What is needed ▸
After locating the line that holds "This 9,000 square", repeat it and each following line exactly until the material ends, skipping pictures.
◇ ◇ ◇
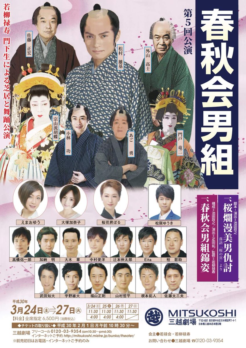 本日21日(水・祝)阿弥陀寺のお彼岸会にて味噌蔵を演じました。次回は24日(土)25日(日)26日(月)11:30と16:00 27日(火)11:30日本橋三越本店本館6Fの三越劇場「春秋会男組」公演にて芝居と踊りを演じます。入場料は6500円(指定席)です。
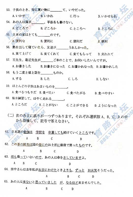 2008年成人高考专起点日语真题及答案
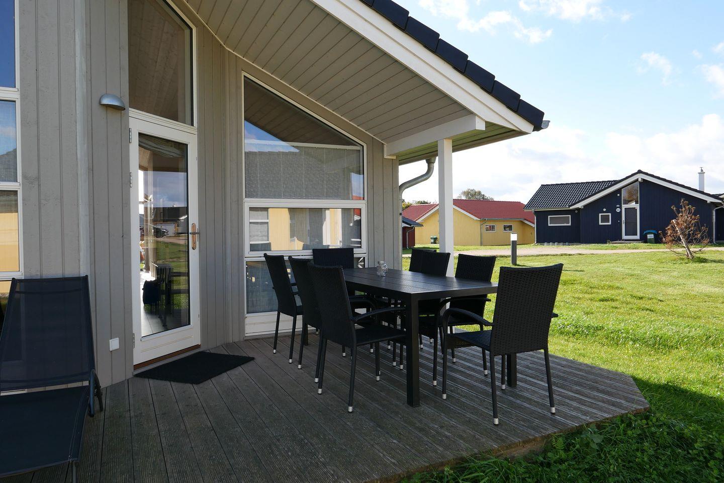 Bitte beachten Sie: Manche Häuser verfügen über ein Geländer um die Terrasse herum, andere nicht. Bei den Außen- und Innenbildern handelt es sich um Modellbilder unterschiedlicher Ferienhäuser.
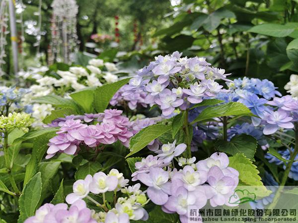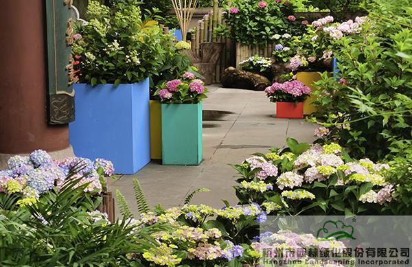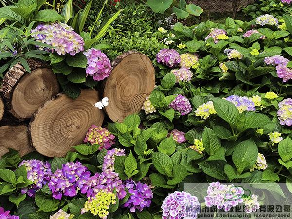 在城隍阁二楼平台,杭园股份赞助的50余个品种、近400余盆的绣球花也将惊艳亮相,通过丰富的造景方式,充分展现绣球花的魅力。不管是种植在色彩明艳的花箱中,还是与枯木、竹篱笆、瓦片等的搭配,绣球都展现出绝美的风姿,吸引着人们探寻的目光,忍不住拿起相机或手机,留下一个个精彩瞬间。其中,花大色艳、色彩可调的大花绣球‘摇摆乐’、‘蓝宝石’,矮小可爱,青涩洁白的圆锥绣球‘活力青柠’,花如宝塔、叶形如掌的重瓣栎叶绣球‘雪花’等,是杭园股份今年主推的品种,表现都非常抢眼。
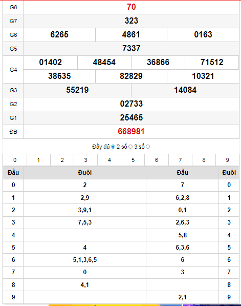 - Giải đặc biệt: đầu 9 – đuôi 5
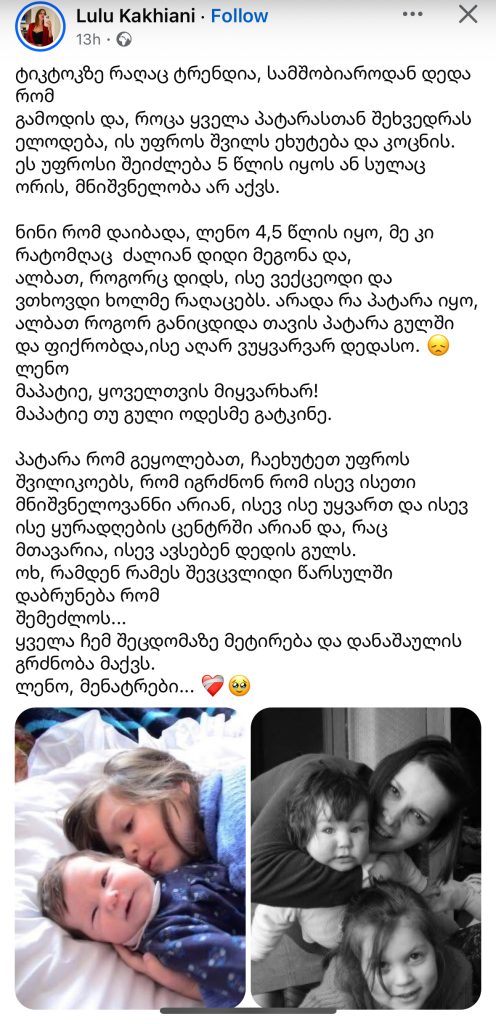 ლულუ კახიანი რომლის ქალიშვილიც რამდენიმე წლის წინ ტრაგიკულად დაიღუპა ემოციურ მიმართვას ავრცელებს.
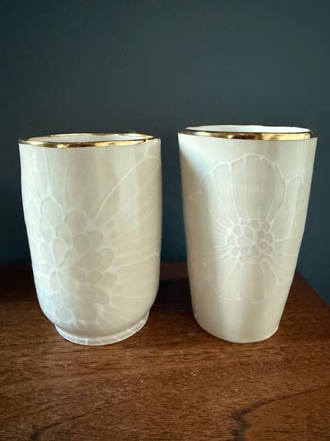 Nicole Hsieh creates timeless, handcrafted ceramics that carry a sense of quiet nostalgia and lived history. Influenced by a 1970s childhood surrounded by antiques, vintage textures, and heirloom forms, her work evokes the warmth and intimacy of objects passed through generations. Each piece is adorned with delicate, hand-drawn florals—Dahlias, Dogwoods, Roses—and softly kissed in 22-karat gold luster, adding a touch of opulence to everyday rituals. Made slowly and intentionally, her vessels celebrate imperfection, individuality, and the beauty of things made by hand. Hsieh describes her ceramics as pieces that feel as though they’ve already lived a lifetime—soulful, enduring, and meant to be held, used, and remembered.
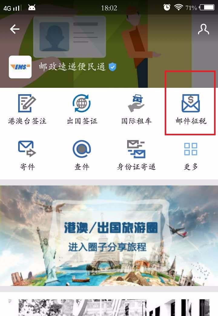 2、打开支付宝城市服务,找到进口邮件征税或者进入支付宝生活号邮政速递便民通,找到邮件缴税
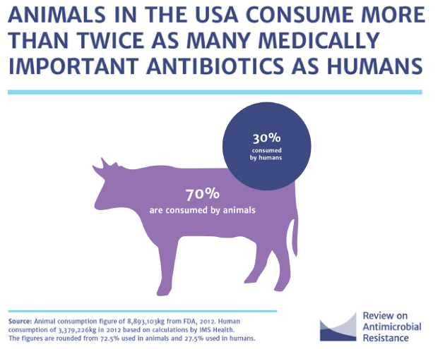 As my colleague Tom Philpott has pointed out again and again, our habit of dosing farm animals with antibiotics is causing big problems. According to a new report commissioned by UK Prime Minister David Cameron and published in the Review on Antimicrobial Resistance, many countries now use more antibiotics for animals than for humans.
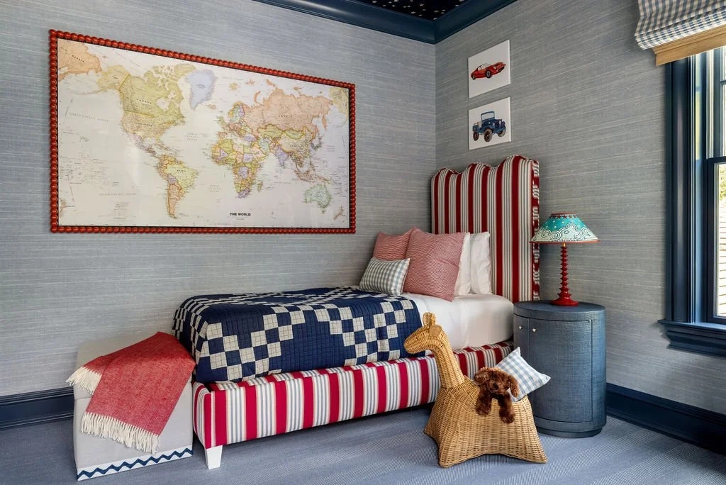 This 9,000 square foot Greenwich home was a gut renovation project for a young family with four children, three dogs, and lots of personality. Merging the husband’s preference for preppy and polished sensibilities with the wife’s penchant for color and pattern was the creative brief, anchored by the goal of ensuring the home was, first and foremost, functional and smartly planned for their lively family.
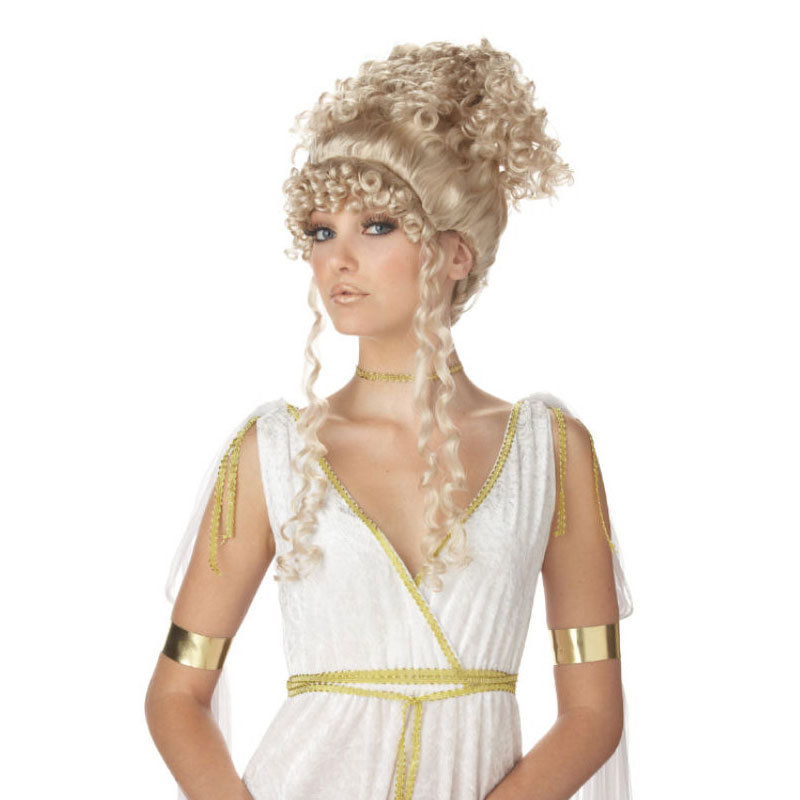 Vaalea kreikkalaisen jumalatteren peruukki, runsaasti kiharoita.
◇ ◇ ◇
Written answer ▸
 This 9,000 square foot Greenwich home was a gut renovation project for a young family with four children, three dogs, and lots of personality. Merging the husband’s preference for preppy and polished sensibilities with the wife’s penchant for color and pattern was the creative brief, anchored by the goal of ensuring the home was, first and foremost, functional and smartly planned for their lively family.
 Vaalea kreikkalaisen jumalatteren peruukki, runsaasti kiharoita.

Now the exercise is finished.